(Source data)

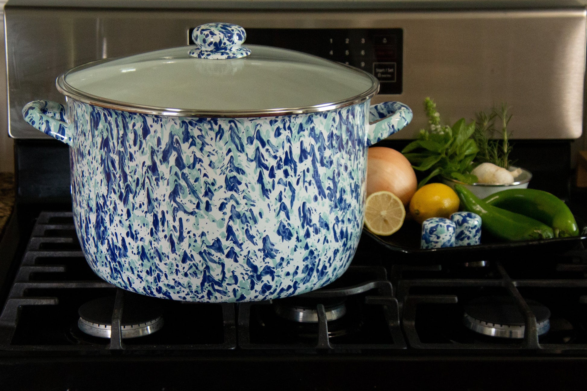 Inspired by the colors of the sea, the Ocean Swirl 18 Qt Stock Pot brings a refreshing, coastal feel to your kitchen. With its beautiful blue and white swirls, this enamelware pot is perfect for preparing large portions of soups, stocks, or seafood boils. Durable and spacious, it’s ideal for family gatherings and hearty meals.
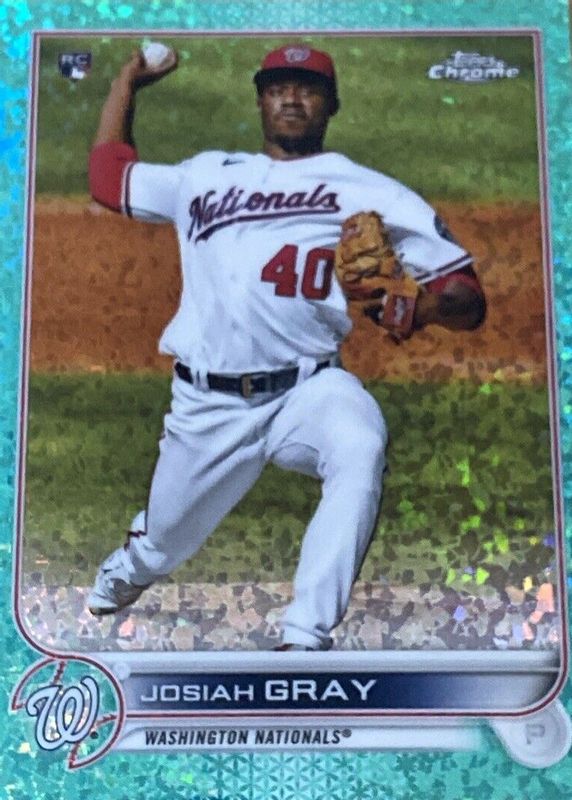 The Josiah Gray 2022 Topps Chrome #160 Aqua Mini-Diamond Refractor /199 Rookie card in Raw condition has not changed in price in the last 30 days and was last sold for $4.50 .
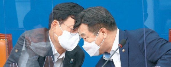 송영길-윤호중 귀엣말 더불어민주당 송영길 대표(왼쪽)와 윤호중 원내대표가 27일 당 최고위원회의에서 귓속말로 대화를 나누고 있다. 민주당 지도부가 언론중재법 개정안을 30일 본회의에서 처리하겠다는 방침을 고수하기로 한 가운데 당내 소신파 의원 등을 중심으로 반대 목소리가 커지고 있다. 사진공동취재단

(End Source data)

Write out each line of the listing above, exactly, from its first line to the line holding "The Josiah Gray", inclusive. Skip the pictures.

 Inspired by the colors of the sea, the Ocean Swirl 18 Qt Stock Pot brings a refreshing, coastal feel to your kitchen. With its beautiful blue and white swirls, this enamelware pot is perfect for preparing large portions of soups, stocks, or seafood boils. Durable and spacious, it’s ideal for family gatherings and hearty meals.
 The Josiah Gray 2022 Topps Chrome #160 Aqua Mini-Diamond Refractor /199 Rookie card in Raw condition has not changed in price in the last 30 days and was last sold for $4.50 .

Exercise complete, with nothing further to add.